RICHARD SEEBORG, District Judge.
Plaintiff timely filed a motion seeking review of the Clerk's taxation of costs in favor of the College defendants. See Fed.R.Civ.P. 54(d)(1) ("The clerk may tax costs on 14 days' notice. On motion served within the next 7 days, the court may review the clerk's action."). The College defendants' opposition included a purported "cross-motion," asking that certain costs disallowed by the Clerk be reinstated. Pursuant to Civil Local Rule 7-1(b), the matter has been submitted without oral argument.
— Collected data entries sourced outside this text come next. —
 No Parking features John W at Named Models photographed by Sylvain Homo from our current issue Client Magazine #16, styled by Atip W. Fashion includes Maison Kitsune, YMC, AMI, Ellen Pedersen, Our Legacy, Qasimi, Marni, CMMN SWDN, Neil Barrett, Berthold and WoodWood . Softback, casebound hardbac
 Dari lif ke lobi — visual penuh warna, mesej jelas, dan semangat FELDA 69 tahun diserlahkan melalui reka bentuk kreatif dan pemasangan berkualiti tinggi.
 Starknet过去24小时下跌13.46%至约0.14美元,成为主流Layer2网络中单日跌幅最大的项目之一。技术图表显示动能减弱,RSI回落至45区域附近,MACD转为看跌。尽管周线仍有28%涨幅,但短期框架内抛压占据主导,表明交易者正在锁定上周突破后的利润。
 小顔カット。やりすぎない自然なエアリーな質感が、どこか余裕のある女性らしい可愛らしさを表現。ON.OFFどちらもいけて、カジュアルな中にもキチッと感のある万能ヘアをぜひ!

Federal Rule of Civil Procedure 54(d)(1) provides that "costs—other than attorneys' fees—should be allowed to the prevailing party." Accordingly, "Rule 54(d) creates a presumption for awarding costs to prevailing parties; the losing party must show why costs should not be awarded." Save Our Valley v. Sound Transit, 335 F.3d 932, 944-45 (9th Cir. 2003) (citing Stanley v. Univ. of Southern California, 178 F.3d 1069, 1079 (9th Cir. 1999)). The Court "need not give affirmative reasons for awarding costs; instead, it need only find that the reasons for denying costs are not sufficiently persuasive to overcome the presumption in favor of an award." Id. at 945. A district court reviews the Clerk's taxation of costs de novo. See Lopez v. San Francisco Unified Sch. Dist., 385 F.Supp.2d 981, 1000-1001 (N.D.Cal. 2005); Escriba v. Foster Poultry Farms, 2012 WL 174847, at * 1 (E.D.Cal. Jan. 20, 2012).
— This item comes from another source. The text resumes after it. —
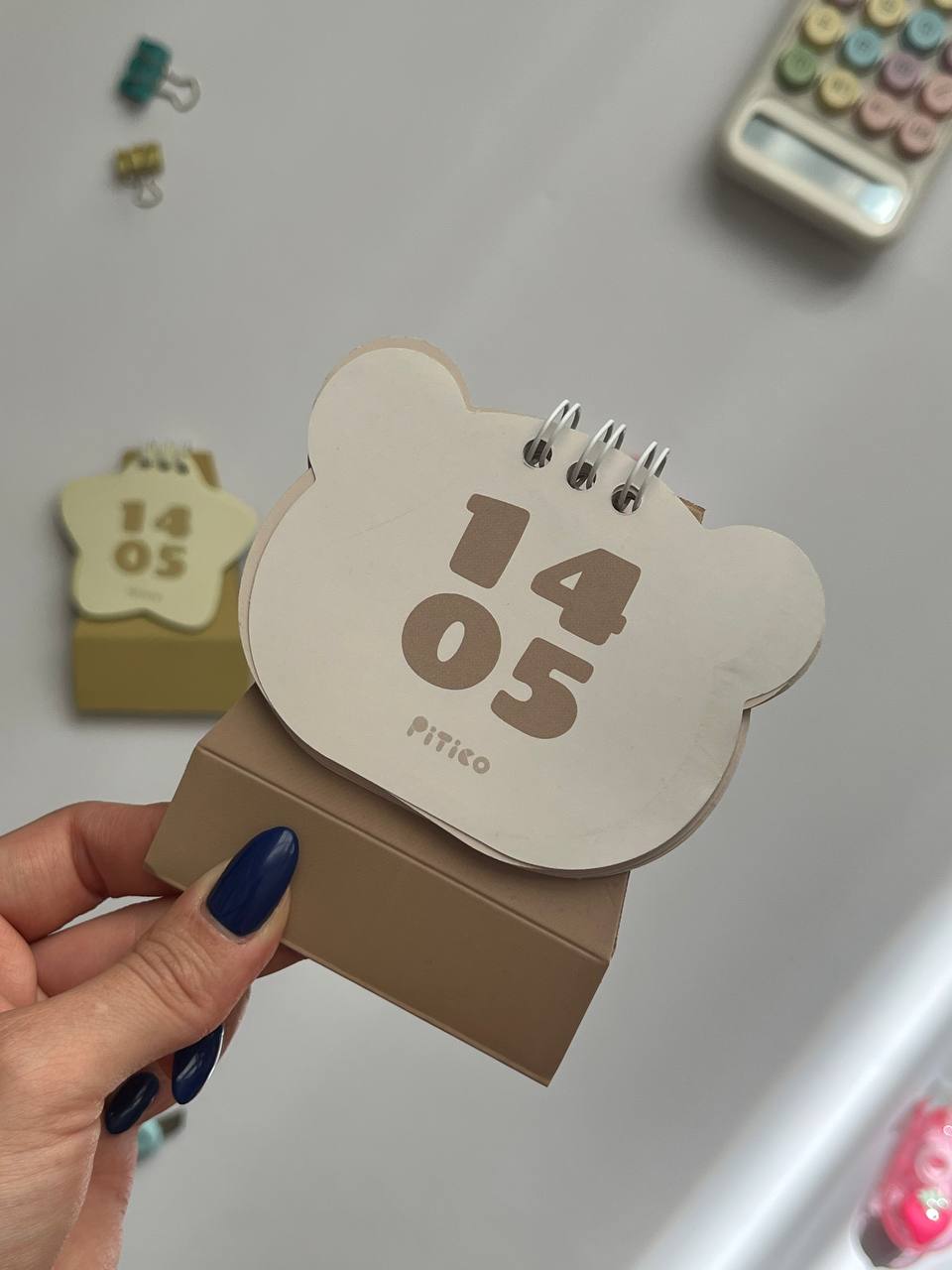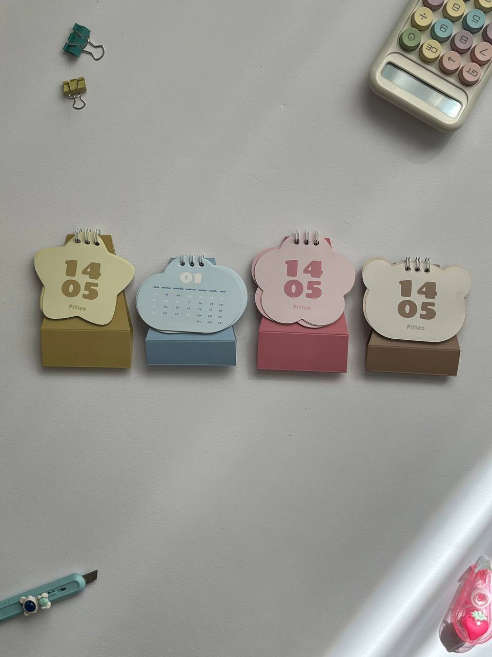 تقویم رومیزی پیتیکو با چهار طرح مینیمال و رنگهای پاستلی شامل گل صورتی، خرس قهوهای، زرد ستارهای و آبی ابری، گزینهای زیبا و کاربردی برای میز کار است. این تقویم رومیزی با ابعاد تقریبی ۱۰ × ۱۰ سانتیمتر، برای برنامهریزی سالانه و دکور مینیمال میز مناسب است

Plaintiff first argues that he should not be responsible for costs incurred during discovery conducted by his pro bono appointed counsel, Jones Day. Plaintiff contends both he did not consent to the appointment of Jones Day, and that the discovery its attorneys pursued did not ultimately benefit him in his presentation of his case at trial, in pro se. These arguments are frivolous. At a status conference held on March 6, 2014, plaintiff was asked if he were interested in obtaining counsel through the court's pro bono program, and he responded in the affirmative.
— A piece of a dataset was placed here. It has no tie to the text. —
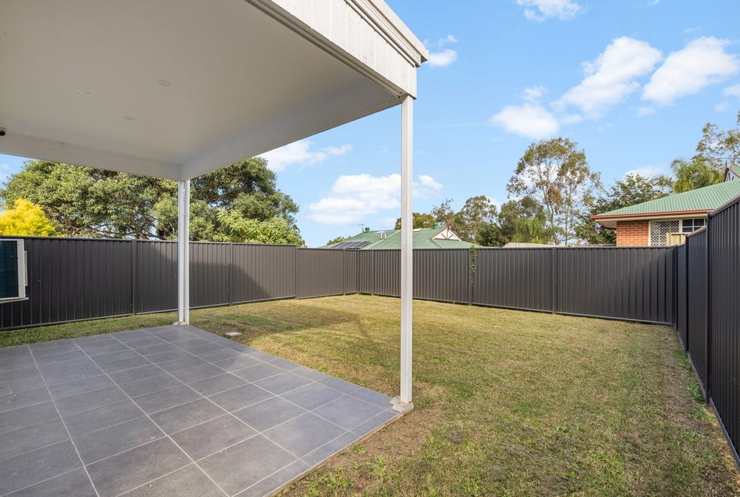 The main living area is open plan, with direct access to a covered patio and private backyard.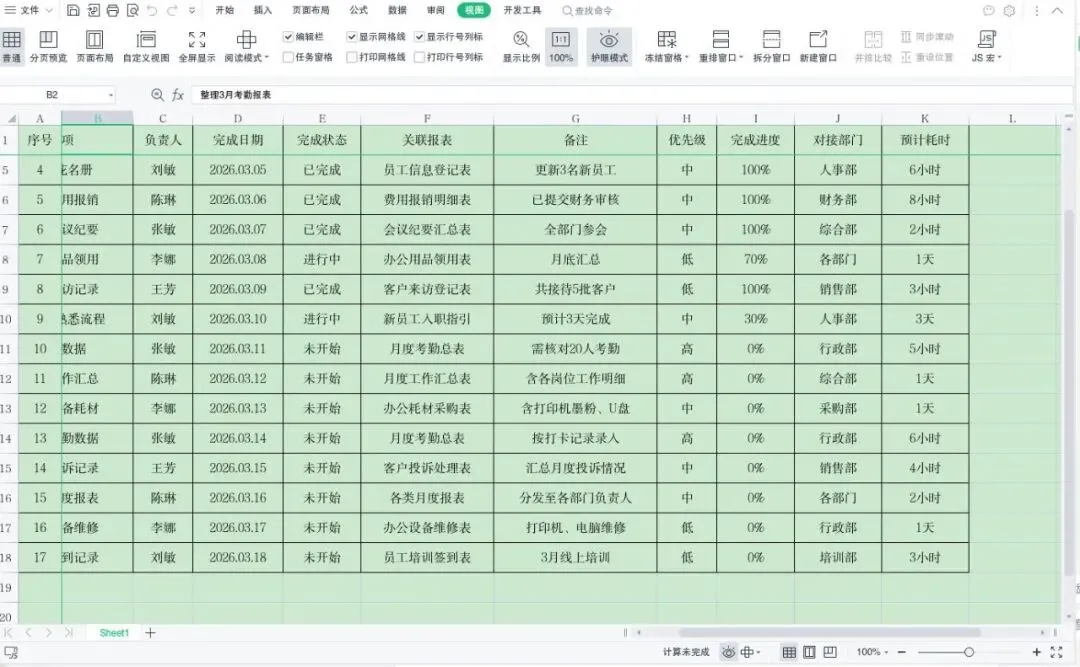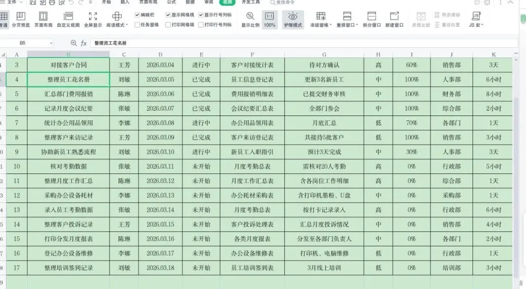下表格为文员高频长表格(17行11列),行数和列数大幅增加,滚动时极易出现表头消失、找数据混乱的问题,用文中的冻结首行首列技巧,可快速固定表头,找数据更高效。

Plaintiff has repeatedly demonstrated over the course of this litigation that he is capable of expressing objections directly to the Court, even when represented. At no time between April 1, 2014, when Jones Day was appointed, and mid-August of 2014 did plaintiff ever suggest he did not consent to the representation. Rather, plaintiff knowingly allowed Jones Day to act on his behalf to obtain an order re-opening discovery, to take multiple depositions, to engage expert witnesses, and otherwise diligently to prepare for trial. While plaintiff ultimately formed the view that his interests were not being adequately represented by Jones Day, his contention that the firm was appointed without his consent is without factual basis.
Additionally, while it is clear that plaintiff and Jones Day had differing views on the most effective manner of pursuing discovery and presenting his claims, the argument that plaintiff derived no benefit from the discovery pursued on his behalf is not factually tenable, nor would it be a legitimate basis for denying costs. Accordingly, plaintiff's challenges to the cost award based on such arguments must be rejected.
Plaintiff further requests that costs be disallowed entirely given his claimed lack of financial resources and the entirety of the circumstances.